Broccoli and Fennel Salad

Broccoli and Fennel Salad
This is one of my favorite recipes.  It is light, flexible, and healthy.  It is delicious with fresh broccoli from the farmers market, and equally good with winter broccoli from the grocery store.  Best of all, it gets better with time and tastes good warm or cold, so it makes excellent leftovers!
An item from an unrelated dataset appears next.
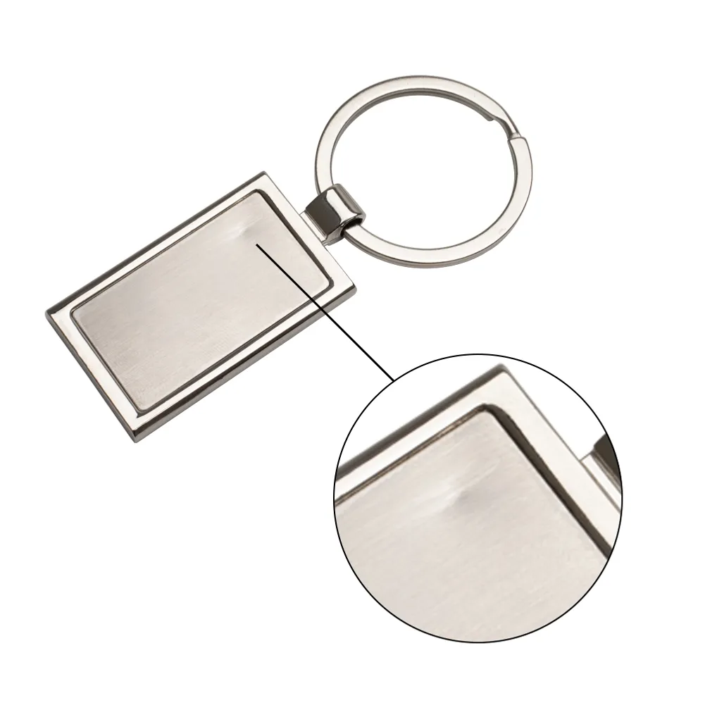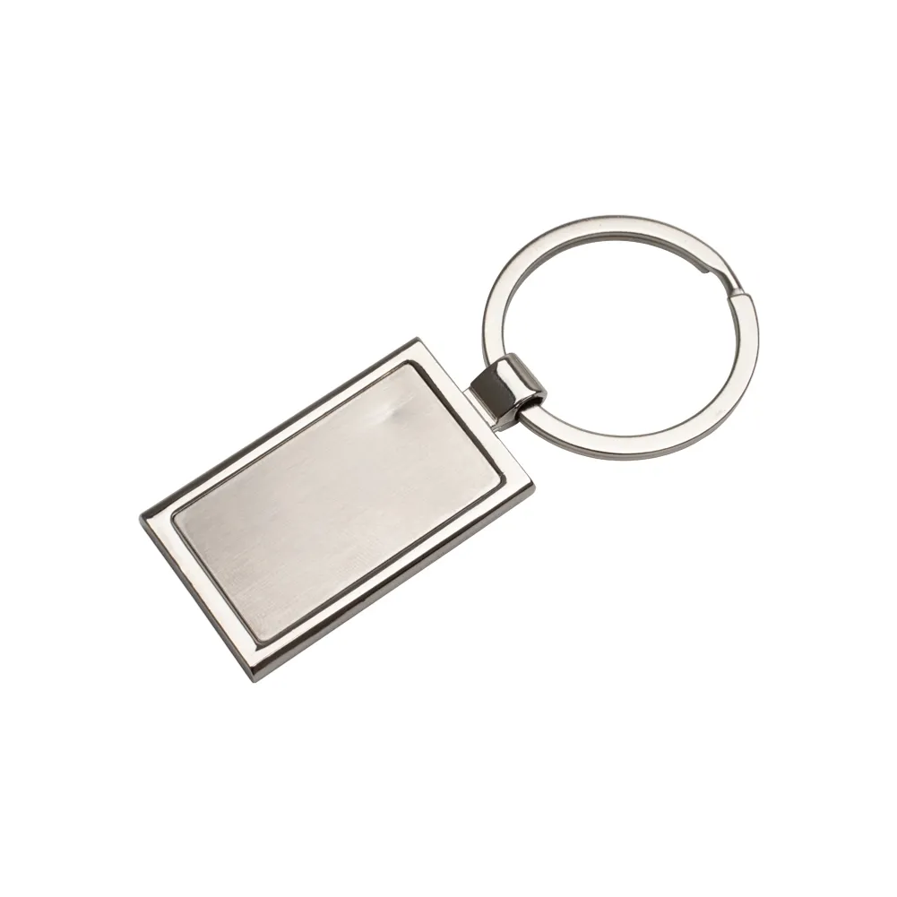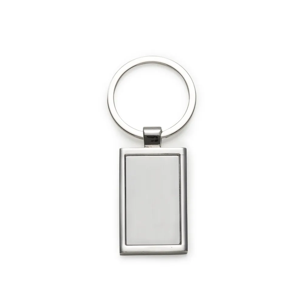 Chaveiro de metal retangular com chapa central, verso liso.

Broccoli and Fennel Salad Ingredients (serves 4):
3 cups chopped broccoli
1 head fennel, chopped
1 tsp. olive oil
1 cup whole grain (brown rice, farro, barley, quinoa)
2 cups of water or broth
1 pint cherry tomatoes, halved
1/4 cup olive oil
1/4 cup balsamic vinegar
2 tablespoons tamari, liquid aminos, or soy sauce
3 cloves garlic, minced
optional: 1/4 cup crumbled feta cheese
optional: 1/4 cup sunflower seeds or pumpkin seeds
Broccoli and Fennel Salad
Start by washing and chopping the broccoli and fennel.  Toss both with olive oil and lay out on a baking sheet.  Roast at 400 degrees for about 20 minutes until cooked through and beginning to crisp.  Note, I love fennel and think it’s great in this recipe, but certain people really don’t like fennel.  If you’re one of those fennel-haters, feel free to skip it and make this salad with just broccoli.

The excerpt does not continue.